Understanding restricted substances is a key step in ensuring cosmetic compliance in the European Union. While much attention is often given to banned ingredients, many substances are actually permitted—but only under specific conditions. These are known as restricted substances, and they are primarily regulated under Annex III of Regulation (EC) No 1223/2009.
For formulators and cosmetic entrepreneurs, learning how to interpret and apply these restrictions is essential to developing safe and legally compliant products.
What Are Restricted Substances?
Unlike prohibited substances (listed in Annex II), restricted substances are not banned. However, their use is tightly controlled, and failing to comply with these conditions can render a product non-compliant.
Where Are Restrictions Defined?
All restrictions are listed in Annex III of Regulation 1223/2009. Each entry typically includes several key elements that must be carefully interpreted.
You will find the name of the substance, often accompanied by specific chemical identifiers. More importantly, the regulation outlines the conditions under which the substance can be used. These may include concentration limits, product type restrictions, or mandatory warnings that must appear on the label.
Because Annex III is regularly updated, it is important to consult the most recent version of the regulation when assessing compliance.
Types of Restrictions You Will Encounter
Restrictions are not all the same, and understanding their nature is crucial for correct formulation.
One of the most common limitations is the maximum concentration allowed in the finished product. This limit may vary depending on whether the product is rinse-off or leave-on, as exposure levels differ significantly.
Another frequent restriction concerns the type of product. Some ingredients may be allowed in hair products but not in skin creams, or permitted only in professional-use formulations.
There are also population-based restrictions, where ingredients cannot be used in products intended for children under a certain age.
Finally, many entries include labeling requirements, such as specific warnings or instructions for safe use. These are legally binding and must be included exactly as specified.
The Role of Scientific Assessment
Restrictions in Annex III are not arbitrary. They are based on scientific evaluations carried out by the Scientific Committee on Consumer Safety (SCCS).
The SCCS assesses the safety of substances by considering factors such as toxicity, exposure, and margin of safety. Their conclusions form the basis for regulatory decisions, including whether a substance should be restricted, banned, or allowed without limitation.
For formulators, reviewing SCCS opinions can provide valuable context, especially when working close to regulatory limits.
Practical Example: Interpreting a Restriction
To understand how restrictions work in practice, consider a preservative that is allowed up to a certain percentage in a finished product.
At first glance, this may seem straightforward. However, the restriction might also specify that:
- The limit differs between product types
- The ingredient must not be used in products for children under three years old
- A warning must be included on the label
In this case, compliance is not just about staying below a concentration threshold—it requires aligning the entire formulation, target market, and labeling with the regulatory conditions.
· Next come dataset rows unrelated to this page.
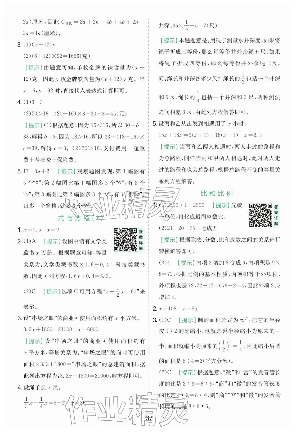2026年实验班提优训练六年级数学下册苏教版第37页
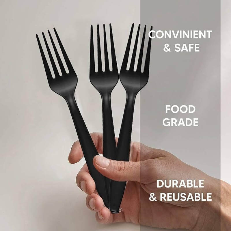 Black Plastic Fork Strong Heavy Duty Black Plastic Forks, Reusable and Washable Forks Perfect for Picnics, Parties, Tableware and Dinnerware- Pack of 150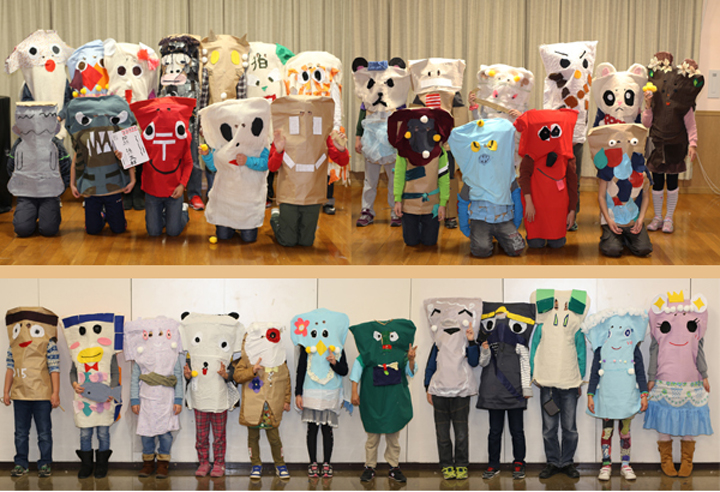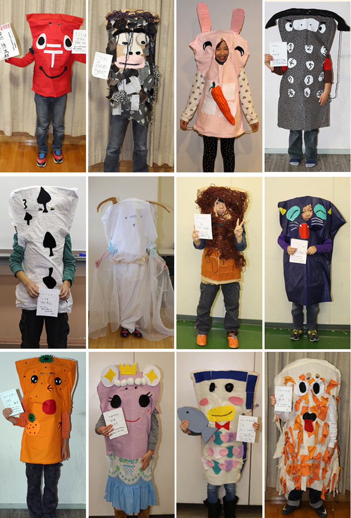つくつくクラブで初めて、布を使った造形工作をしました。布になじみのない科学工作系の男の子たちも、「ゆるキャラなら がんばる」とはりきって作りました。最初に簡単な下絵を描きました。そして、布を切ったり、裂いたり、毛糸やダンボールを使って、自分の体よりも大きな作品を作っていきました。次々に飛び出すアイデアに先生もびっくり。楽しいゆるキャラがたくさんできあがりました。さいごに、みんなでかぶって記念撮影をしました。

Common Challenges in Working with Restricted Substances
One of the main difficulties is misinterpreting the scope of a restriction. Regulatory wording can be precise and sometimes complex, especially when it refers to chemical families or specific derivatives.
Another challenge is keeping up with updates. Restrictions can change over time as new scientific data becomes available. An ingredient that was acceptable at a certain concentration may later be subject to stricter limits.
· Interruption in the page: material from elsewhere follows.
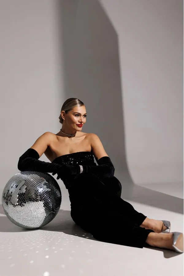 | Ткань | Полиэстер 95% спандекс 5% (пайетки на велюре). |

There is also the risk of overlooking cumulative exposure. If the same substance appears in multiple products used together, the overall exposure may exceed safe levels—even if each product individually complies with the limits.
Integrating Restrictions into Your Formulation Process
Working with restricted substances requires a structured approach. It is not enough to check compliance at the end of development; restrictions should be considered from the earliest stages of formulation.
This means selecting ingredients with a clear understanding of their regulatory status, designing formulations that stay within safe and legal limits, and ensuring that labeling requirements are incorporated from the beginning.
Over time, this proactive approach reduces the risk of reformulation and supports a smoother path to market.
By understanding how to interpret Annex III of Regulation 1223/2009 and applying these rules carefully, formulators and cosmetic businesses can confidently develop compliant products. Mastering this aspect of regulation is not just a technical requirement—it is a fundamental part of building a responsible and sustainable cosmetic brand.